- [WHAT THE TASK REQUIRES]:
Would you transcribe the listing exactly as it stands, minus any images?

- [DATA SEGMENT]:
========================

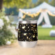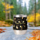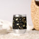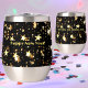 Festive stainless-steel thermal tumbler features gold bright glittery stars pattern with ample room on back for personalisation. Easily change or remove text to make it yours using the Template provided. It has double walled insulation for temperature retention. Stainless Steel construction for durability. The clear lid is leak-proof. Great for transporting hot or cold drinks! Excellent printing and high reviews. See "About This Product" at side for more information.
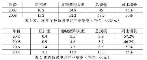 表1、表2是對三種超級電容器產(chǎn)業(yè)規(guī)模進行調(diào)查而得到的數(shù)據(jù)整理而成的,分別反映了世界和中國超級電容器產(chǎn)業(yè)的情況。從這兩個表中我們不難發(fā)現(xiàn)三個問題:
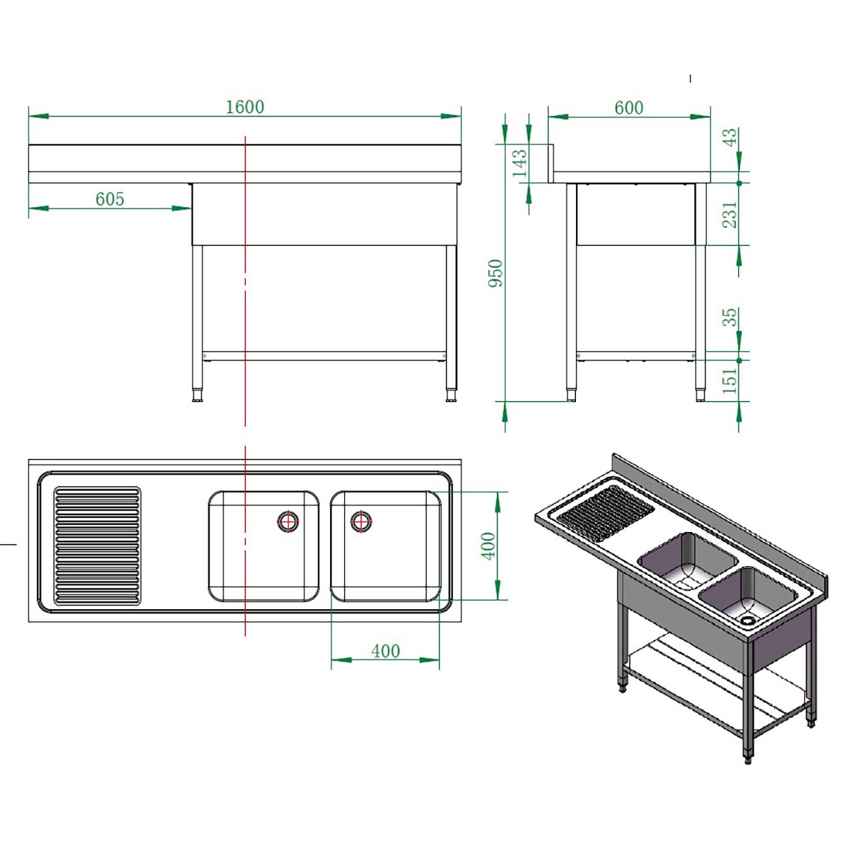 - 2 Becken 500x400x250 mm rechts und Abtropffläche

========================

- [ANSWER FOR THIS EXERCISE]:
 Festive stainless-steel thermal tumbler features gold bright glittery stars pattern with ample room on back for personalisation. Easily change or remove text to make it yours using the Template provided. It has double walled insulation for temperature retention. Stainless Steel construction for durability. The clear lid is leak-proof. Great for transporting hot or cold drinks! Excellent printing and high reviews. See "About This Product" at side for more information.
 表1、表2是對三種超級電容器產(chǎn)業(yè)規(guī)模進行調(diào)查而得到的數(shù)據(jù)整理而成的,分別反映了世界和中國超級電容器產(chǎn)業(yè)的情況。從這兩個表中我們不難發(fā)現(xiàn)三個問題:
 - 2 Becken 500x400x250 mm rechts und Abtropffläche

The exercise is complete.